Data provided =
▼

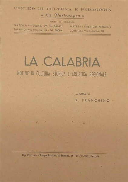 LA CALABRIA. Notizie di cultura storica e artistica regionale. Centro di Cultura e Pedagogia "La Partenopea".
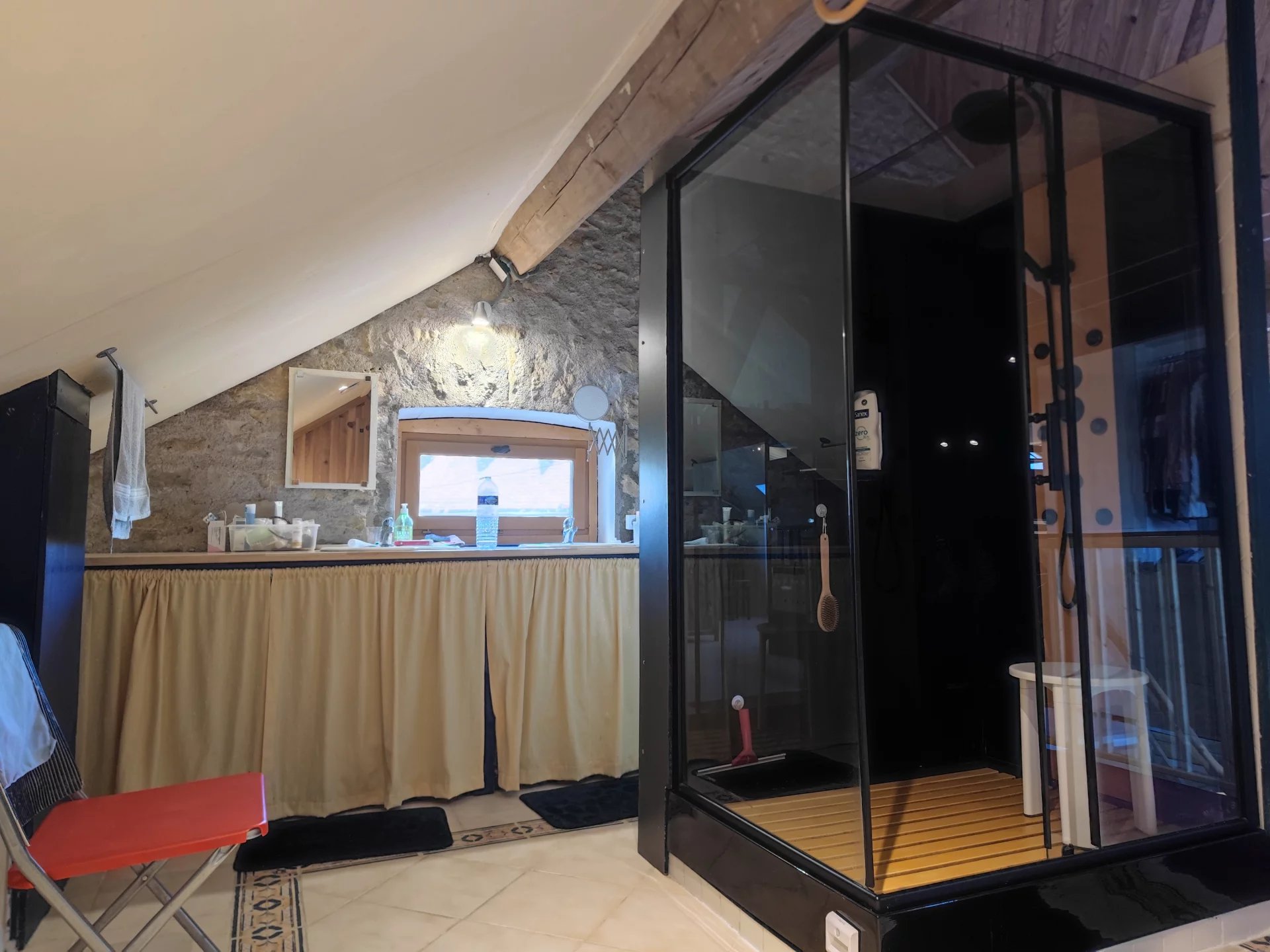 La maison à rénover d’une superficie 90m2, accueille au RDC une pièce principale, un dégagement et une ancienne salle d’eau avec WC. A l’étage, un grand grenier à aménager.
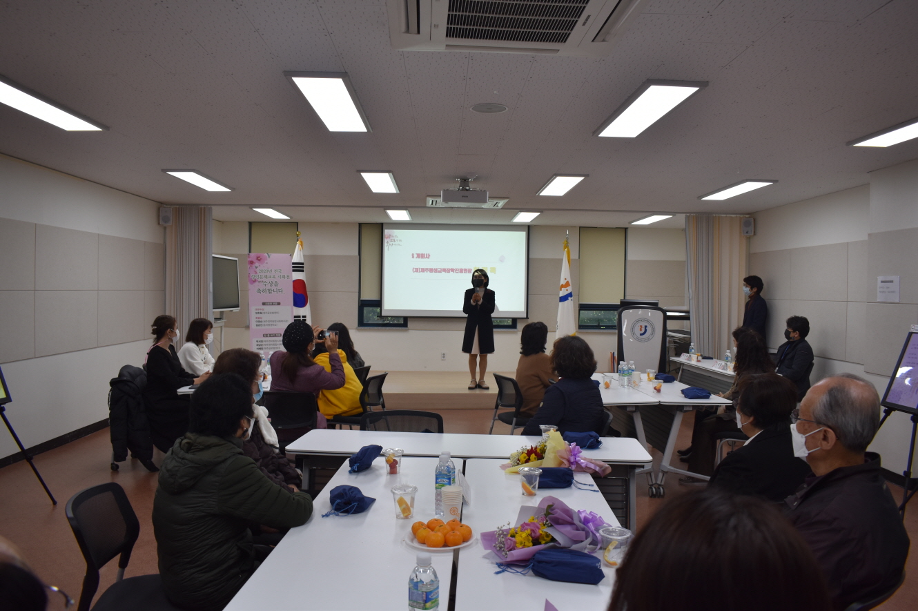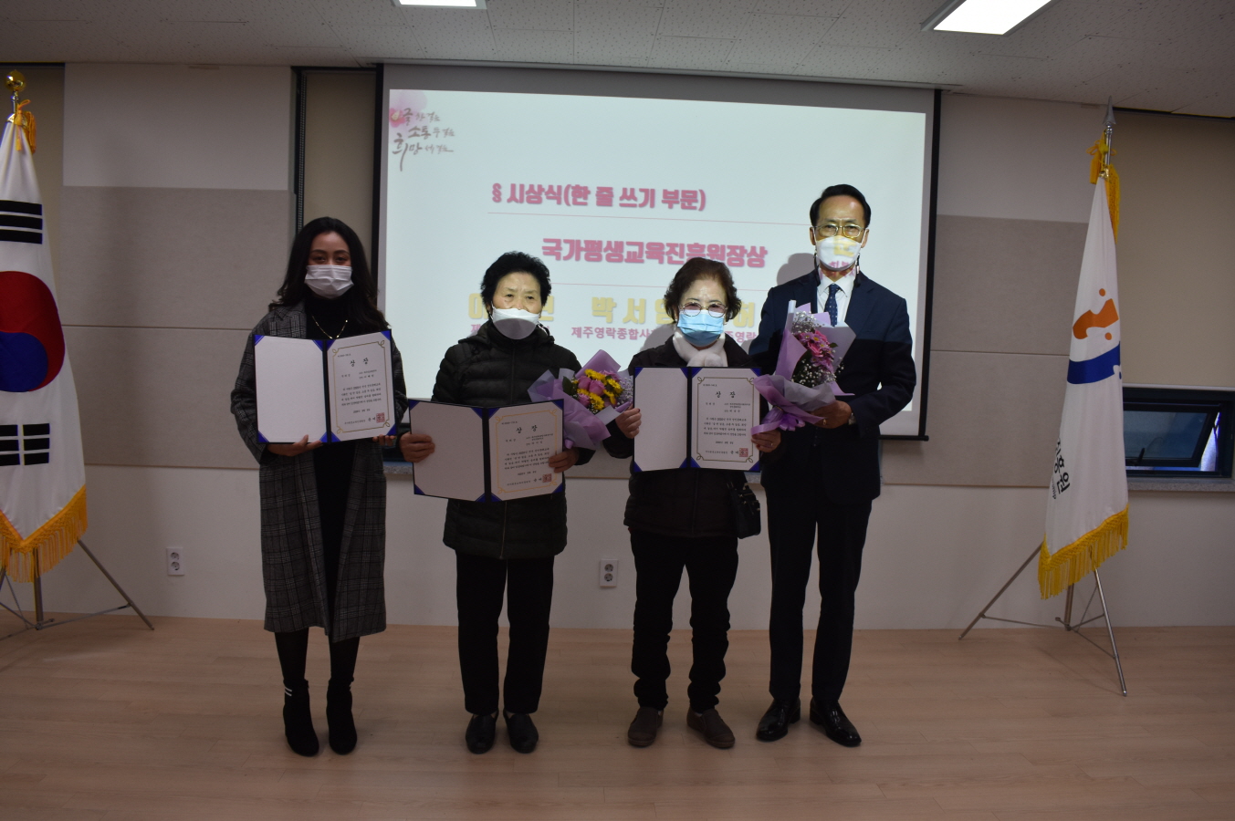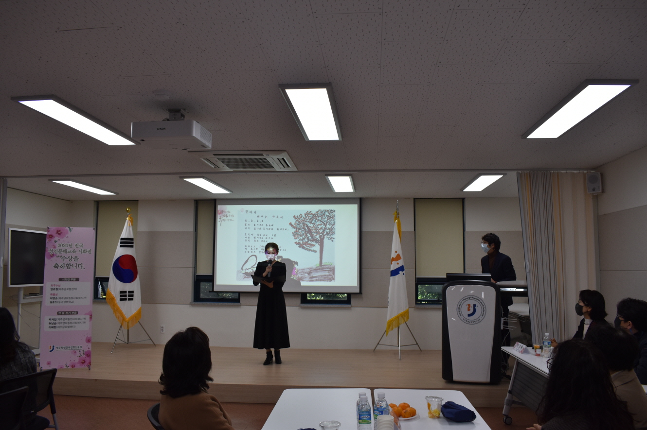 <2020년 전국 성인문해교육 시화전 수상자 시상식 개최> ❍ 일 시: 2020. 11. 24.(화) 13:20~14:20 ❍ 장 소 : 제주평생교육장학진흥원 2층 평생배움공간 ❍ 참석자 : 수상 문해교육기관 및 진흥원 관계자 20명 ❍ 진행순서 및 내용
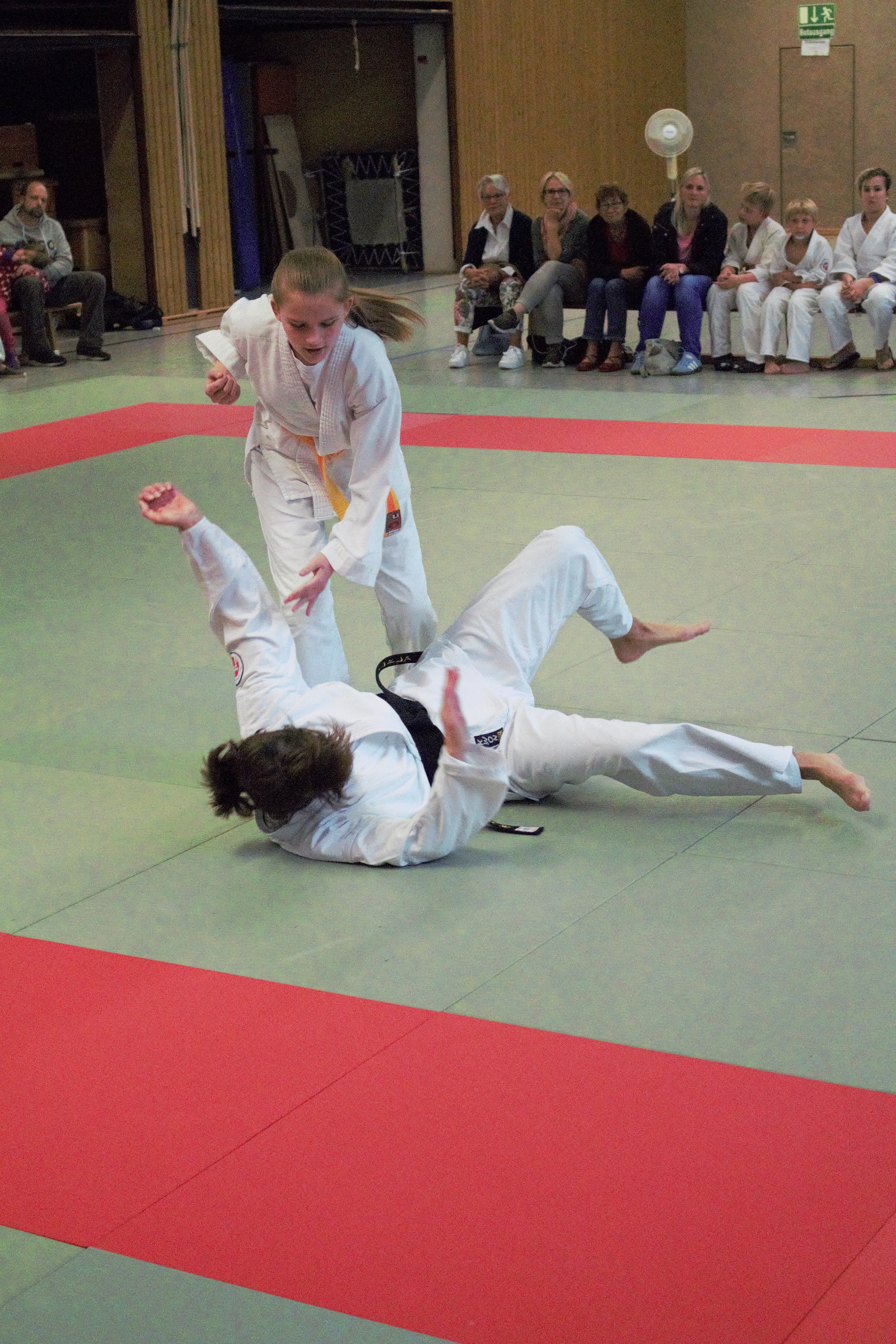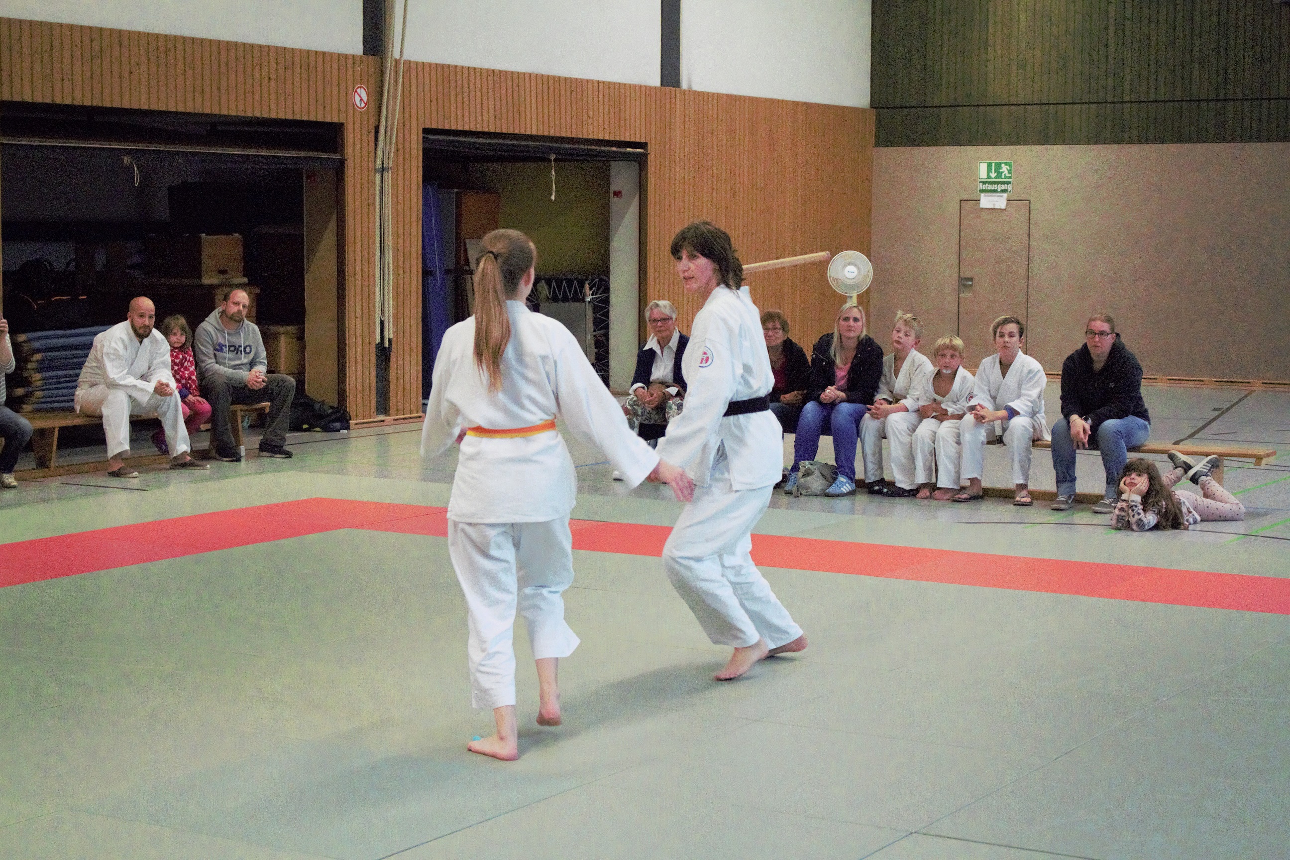 Ich bin mit meiner Kondition relativ gut ausgekommen. Ich dachte es wird schwerer. Die Prüfer hab ich während meinen Techniken nicht beachtet, denn bei meiner ersten Prüfung wurde mir gesagt, dass ich nicht die Prüfer anschauen soll, sondern meinen Uke. Natürlich hab ich das ein oder andere Mal doch hin geguckt. Bei den Zuschauern war das etwas anders, da auch meine Mutter und mein Vater unter den Zuschauern gesessen haben und ich ihre Gesichter sehen wollte. Weil das eine etwas andere Prüfung war als sonst - schon etwas wilder. Aber hingeguckt hab ich nur zwischen den Techniken. Zum Beispiel, als ich meinen Anzug richten musste. Ich habe alles gezeigt, was ich zeigen wollte und ich habe alles gegeben. Manche Techniken hab ich dann zwischendurch doch vergessen. Sie sind mir aber glücklicherweise schnell wieder eingefallen.

▲

The lines from the start of the data through the line that contains "<2020년 전국 성인문해교육" are to be returned exactly, please, with both ends included and every picture left out.

Task solution =
 LA CALABRIA. Notizie di cultura storica e artistica regionale. Centro di Cultura e Pedagogia "La Partenopea".
 La maison à rénover d’une superficie 90m2, accueille au RDC une pièce principale, un dégagement et une ancienne salle d’eau avec WC. A l’étage, un grand grenier à aménager.
 <2020년 전국 성인문해교육 시화전 수상자 시상식 개최> ❍ 일 시: 2020. 11. 24.(화) 13:20~14:20 ❍ 장 소 : 제주평생교육장학진흥원 2층 평생배움공간 ❍ 참석자 : 수상 문해교육기관 및 진흥원 관계자 20명 ❍ 진행순서 및 내용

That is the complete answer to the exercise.